Ayah, aku ingin memelukmu, tidak perduli berapa kali aku jatuh, kau ada untuk menopang ku. Ayah, bagiku, kau pahlawan ku, meskipun tidak begitu terlihat, tapi kau punya cara sendiri untuk menyayangi Anak - anakmu.
***
“Nia.” Suara itu sudah menggema sejak kesadarannya kembali. Nia menatap nanar pada sekeliling ruangan yang berwarna putih, Ia mendapati sosok pemuda yang ia kenali disana.
“Dika.” Suara lirih itu terdengar, Pemuda itu masih menggenggam tangan Nia dengan erat, Dika beranjak dari tempatnya, menjulurkan tangannya, mengusap kepala Nia dengan lembut.
“Kamu udah sadar?” Getir dari suaranya terdengar, Dika baru ingin bangkit dari tempatnya saat genggaman tangan Nia mencekalnya.

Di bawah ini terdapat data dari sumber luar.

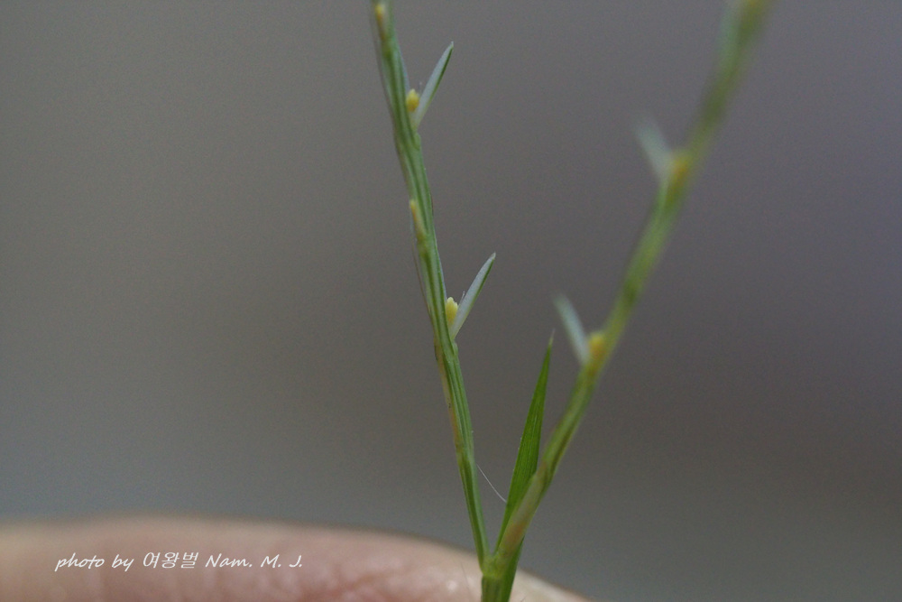 | 잔디바랭이 : Dimeria ornithopoda Trin. 습지와 산록의 습기가 많은 양지바른 풀밭에서 자라는 한해살이풀이다. 줄기는 가늘고 가지를 친다. 높이는 15~35cm이며 2~15개의 마디가 있다. 잎집에는 털이 있고, 잎혀는 흰색 막질로 길이 0.5~1.0mm이다. 잎몸은 길이 3~7cm, 너비 2~5mm이며 양면에 긴 털이 드문드문 난다. 꽃은 8월에 피는데 전체 꽃차례는 2~3개의 가지가 끝에 달리며, 길이는 3~8cm이다. 작은이삭은 가지에 두 줄로 달리고, 자루는 매우 짧으며 자루와 작은이삭의 사이에 짧은 털이 돌려난다. 작은이삭은 길이 2.7~3.8mm이며, 꽃이 두 개 들어 있고 하나는 불염성이다. 두 포영은 길이가 비슷하며, 작은이삭의 길이와 같다. 임성인 두 번째 꽃의 호영은 끝이 갈라지고 끝에 길이 4~5mm의 꼬인 까락이 달린다. 내영은 없다. 우리나라 남부지방에 나며, 인도, 일본, 중국, 오스트레일리아, 인도차이나 등에 분포한다. 전체 꽃차례의 가지가 줄기 끝에 손바닥 모양으로 달리는 것이 바랭이속 식물과 유사하지만, 호영에 길고 꼬인 까락이 있어서 쉽게 구분된다. 제2포영의 가운데 맥 전체가 용골로 되고 좁은 날개가 있는 것을 갯바랭이로 구분하기도 한다. 가지바랭이, 잔디바랑이라고도 부른다 |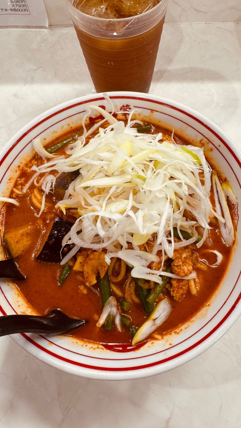 北極ベースのスープにナス、、もやし、にんにくの芽、ひき肉が入り、ねぎがトッピングされています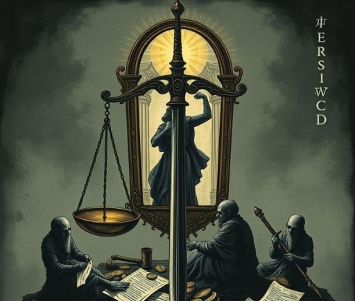 금빛 저울은 부와 권력도 법 앞에서는 평등해야 한다는 도덕적 명제를 환기시킨다.

“Kamu mau kemana?” Tanya Nia dengan suara yang lemah.
“Saya mau panggil keluarga kamu.” Nia semakin menggenggam tangan Dika dengan kuat.
“Jangan tinggalin aku, sebentar aja.” Dika hanya bisa mengamini permintaan Nia, ia kembali duduk, kini tangannya mengusap kepala Nia perlahan.
“Waktu aku udah ga lama lagi, Dika.” Suara Nia semakin lirih, namun masih bisa di dengar oleh Dika.
“Kamu jangan ngomong gitu, kamu kuat, kamu bisa lewatin ini.”
“Jangan tinggalin aku disisa waktu aku ini ya.”
“Sssttt, ga boleh ngomong gitu Nia, saya yakin kamu bisa lewatin ini semua.” Dika masih mencoba meyakinkan Dika.
“Nia..” Suara Bu Sarah terdengar dari ambang pintu, Bu Sarah melihat Nia yang sudah siuman, dengan segera ia menghampirinya.
“Kamu udah bangun sayang.” Ujar Bu Sarah seraya mengusap puncak kepala Nia, Siapapun bisa mendengar getir khawatir dari suara Bu Sarah.
“Bu, Aya gimana? Udah ada kabar?” Pertanyaan Nia membuat Bu Sarah mematung, ia mencoba menatap pada pemuda dihadapannya, lewat tatapan mata, Dika meminta Bu Sarah untuk menceritakan bahwa semuanya baik – baik saja.
“Aya baik – baik aja, dia ada dirumah sekarang.”
“Terus kenapa Aya ga dateng ke sini Bu?” Nia memegang punggung tangan Bu Sarah, tatapannya terlihat begitu memohon padanya.
“Aku harus ketemu Aya bu, waktu aku gak banyak lagi.” Kalimat Nia yang terus berulang seperti itu, menjadi belati tak kasat mata yang menusuk jantung mereka.
“Aku mau minta maaf sama Aya, aku udah bohongi dia selama ini, dia pasti terpukul banget karena tau kenyataannya kalau dia bukan anak Mama, bukan adik aku.”
“Kamu lebih baik istirahat dulu, kamu harus pulih dulu, memangnya kamu pikir Aya bakal baik – baik aja liat kamu kaya gini?” Nia menghela nafas, ia menyetujui kalimat Dika, ada benarnya kata Dika, tidak mungkin Aya baik – baik saja melihat dirinya yang seperti ini.
“Kepala kamu kenapa?” Nia baru menyadari perban yang melilit dikepala Dika.